By Alisdair Suttie 23 May 2012
Wednesday 23 May 2012. Fleet Voice Column.
We see it on the television every weekend now the sun is out and summer is here. From Formula One through World Rallying all the way to MotoGP on two wheels, you cannot move for motorsport. Well, until the Olympics nudges it off the schedules for a couple of weeks.
With all of this money and skill involved in making cars go ever faster on track or stage, you’d hope some of it would go into making our road cars that bit more efficient and better to drive.
Recently, it was pointed out that Formula One on its own generates as much turnover and revenue as the economy of France. That makes F1 equal to the world’s ninth largest economy, though some might argue F1 will eclipse France if Monsieur Hollande pursues his policies to the end.
Franco politics aside, this almost incredible statistic shows just how huge motorsport is, and that’s just one branch of it.
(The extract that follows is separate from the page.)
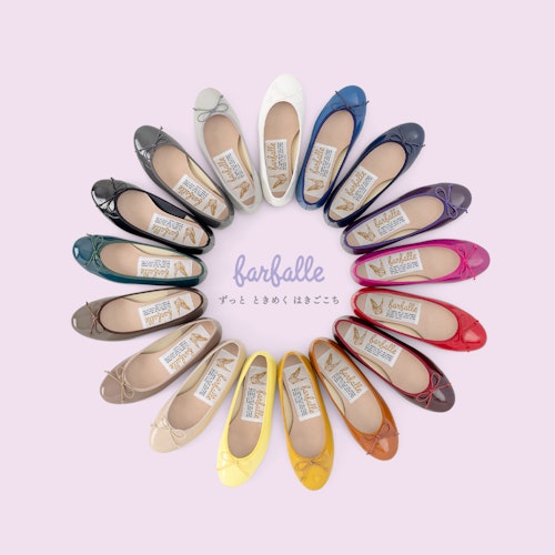 「ずっと ときめく はきごこち」をお客さまにお約束する、神戸生まれのバレエシューズブランド〈ファルファーレ〉。たくさん集めたくなるカラーバリエーションや、1日中履いていてもときめくはきごこちで、世代を超えてお使いいただけます。

Altogether, motorsport is an enormous business and one funded to a large degree by the cars we buy and run.
So, back to the question of what do we get out of it?
On the face of it, very little technology immediately trickles down from top-end motorsport to everyday driving. It even seems to be a reverse trend, with the likes of regenerative braking only appearing on Formula One cars recently when it was featuring on some road cars a few years back.
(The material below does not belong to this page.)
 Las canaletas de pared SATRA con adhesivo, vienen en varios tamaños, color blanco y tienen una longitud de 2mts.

However, while France may be struggling to hold onto its top 10 spot in the economies of the world as F1 muscles in, we can look to our Gallic cousins for evidence of motorsport working its magic on road cars. Yup, it’s time for Le Mans and the 24 Hours du Mans.
The 24-hour race at Le Mans is great example of where road and track meet in technological terms. This is because the rules are ever-changing and evolving in an attempt to level the playing field so that pure prototype racers don’t simply march off into the distance every time with the big prize.
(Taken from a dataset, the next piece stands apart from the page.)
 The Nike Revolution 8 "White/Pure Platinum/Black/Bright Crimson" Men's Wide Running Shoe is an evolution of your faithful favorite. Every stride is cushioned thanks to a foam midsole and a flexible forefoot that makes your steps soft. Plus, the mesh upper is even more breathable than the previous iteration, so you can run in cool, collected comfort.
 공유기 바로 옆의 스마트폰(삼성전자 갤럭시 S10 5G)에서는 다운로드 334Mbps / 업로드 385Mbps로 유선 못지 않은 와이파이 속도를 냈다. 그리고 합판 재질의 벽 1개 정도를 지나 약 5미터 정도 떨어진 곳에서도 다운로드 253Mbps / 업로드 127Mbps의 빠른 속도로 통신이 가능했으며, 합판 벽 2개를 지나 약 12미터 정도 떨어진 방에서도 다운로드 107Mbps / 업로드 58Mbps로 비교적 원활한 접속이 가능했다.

Unfortunately, motorsport is also very adept at interpreting rules and making the most of the slimmest advantage, so the prototype racers do march off with the main prizes. The last time they didn’t was when McLaren won first time in the F1 road-going supercar. Yes, it was a supercar, but it was also the first and only time a road car has won at Le Mans at the first attempt.
Sadly, the McLaren F1 was not a car in a position to filter technology to a road car sister model. However, with Audi and Peugeot taking such a keen interest in Le Mans, the technology they work on for their racers does feature in cars you and I can buy.
Diesels have been the class of the field at Le Mans for many years now, with Audi starting the trend. This has led straight to direct injection technology for diesel engines in the Audis and other VW Group cars many of us drive for business every day.
There have also been major advances in the way a diesel engine’s turbocharger operates as a result of putting this technology to the ultimate test of endurance at Le Mans.
Renault may not compete at Le Mans, but it says the technology and knowledge garnered from motorsport means three quarters of the cars it will sell in 2015 will be diesel-powered.
Admittedly, there is a growth in diesel sales anyway and many more will come from diesel-hybrids, but that’s still a lot of diesel cars when history says they make up around half of the total sales in Europe.
For 2012, Audi has gone further with its fuel-saving technology with a car that uses four-wheel drive. However, this racer sticks with a traditional diesel engine for the rear wheels and electric motors for the front pair.
As the Audi racer slows, it uses regenerative braking to store electricity that it then releases back to the front wheels as and when required by the driver. Audi says this type of all-wheel drive system can be adapted to road use very easily as it is lightweight, compact and efficient as demanded by racing.
Others interested in electric power for racing are Nissan with their Leaf Nismo [pictured above] and Mitsubishi, which is attempting to beat the big power petrol engines at the Pikes Peak Hillclimb this year with a battery-powered car.
This sort of motorsport activity is essential to the development of the car and its power sources. Motorsport is a furnace where new tech can be forged and tempered in a short space of time.
The engineers and technicians who work in motorsport all have a can-do attitude that lets then push ahead when others think it cannot be done. It also mean they can jump start a technology that might otherwise take traditional car companies years to develop and incorporate into a useful working car.
When you sit back on a Sunday afternoon with a cup of tea, perhaps instead of thinking you could be Jenson Button or Jorge Lorenzo you should be thinking ‘I wonder which bit of that car or motorbike will be used in my next company car?’